Tuesday, January 29, 2019
Two seldom-read writers plus an excellent Wharton story in 50 Great Short Stories
Three stories from the early 20th century in the anthology 50 Great Short Stories (1952), two of them by authors once famous but today little read: first, O. Henry's story The Man Higher Up, from which we can see why he was once highly popular (and the namesake for the eponymous award) but today seems quaint and beside the point. This story, written in pseudo tough-guy patois is about 3 thieves, one a burglar, the second a scammer (selling useless products in small towns), the 3rd a financier, and it's a bit of a contest to see which scheme is the most successful - but it all feels so remote from the present and so stage-managed that it's hard to see why any contemporary reader would be much interested.
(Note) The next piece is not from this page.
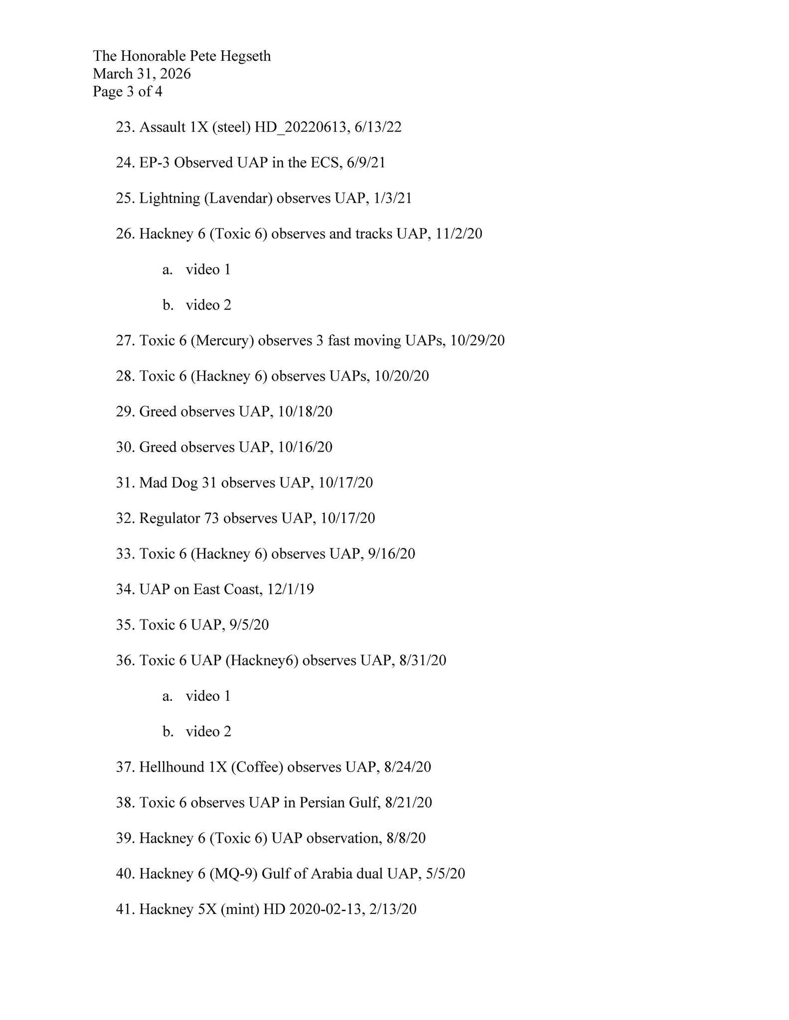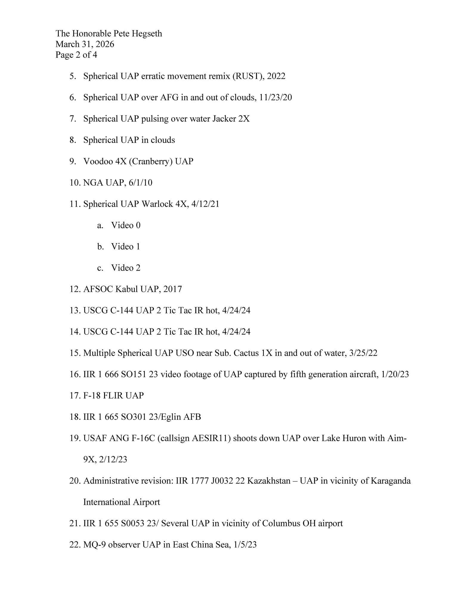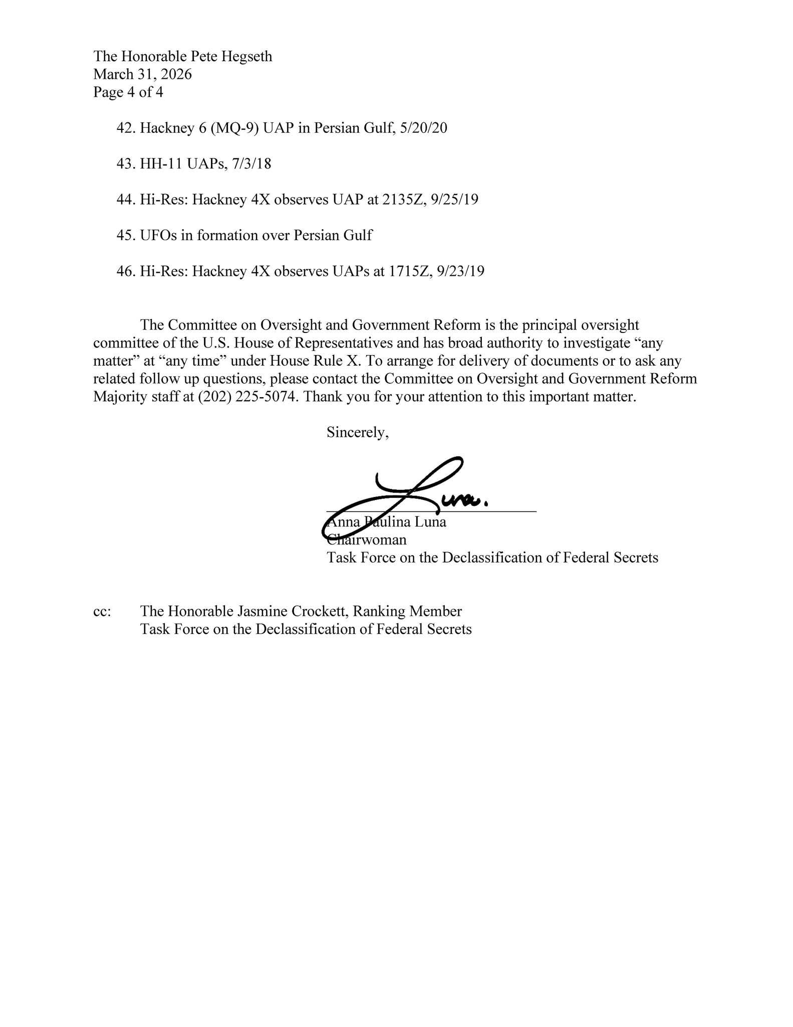 Congresswoman Anna Paulina Luna sent this letter to Defense Secretary Pete Hegseth requesting a series of video files related to UAP sightings.

The next story, The Summer of the Beautiful White Horse, by William Saroyan, has the air of a memoir-story, recalling a event from the narrator's childhood in farming community in California populated mainly by Armenian immigrants. In some ways this is a forerunner - immigrant stories and memoir-like stories are a staple of short fiction today - and it other ways a throwback, reminding me of tales from the shtetl by Singer et al., but, like O.Henry, Saroyan was a highly regarded literary figure in the 40s and 50s and is now seldom read: he showed the way toward a new type of fiction, but if this story is typical his writing was exaggerated, caricatured, and not so engaging. The next story is the best of the group by far and by an author his popularity and reputation have only increased since over the past century - Edith Wharton's The Other Two. She was personally close to Henry James, and we can see, in this story and others, her careful development of character, attention to the nuances of social position, ability to create and establish a setting distinct in time and place (among the elite in the meritocratic early 20th century Manhattan). This story is beautifully nuanced and tells of a man's complex relationship with the two previous spouses of his young wife - worth reading then, and today.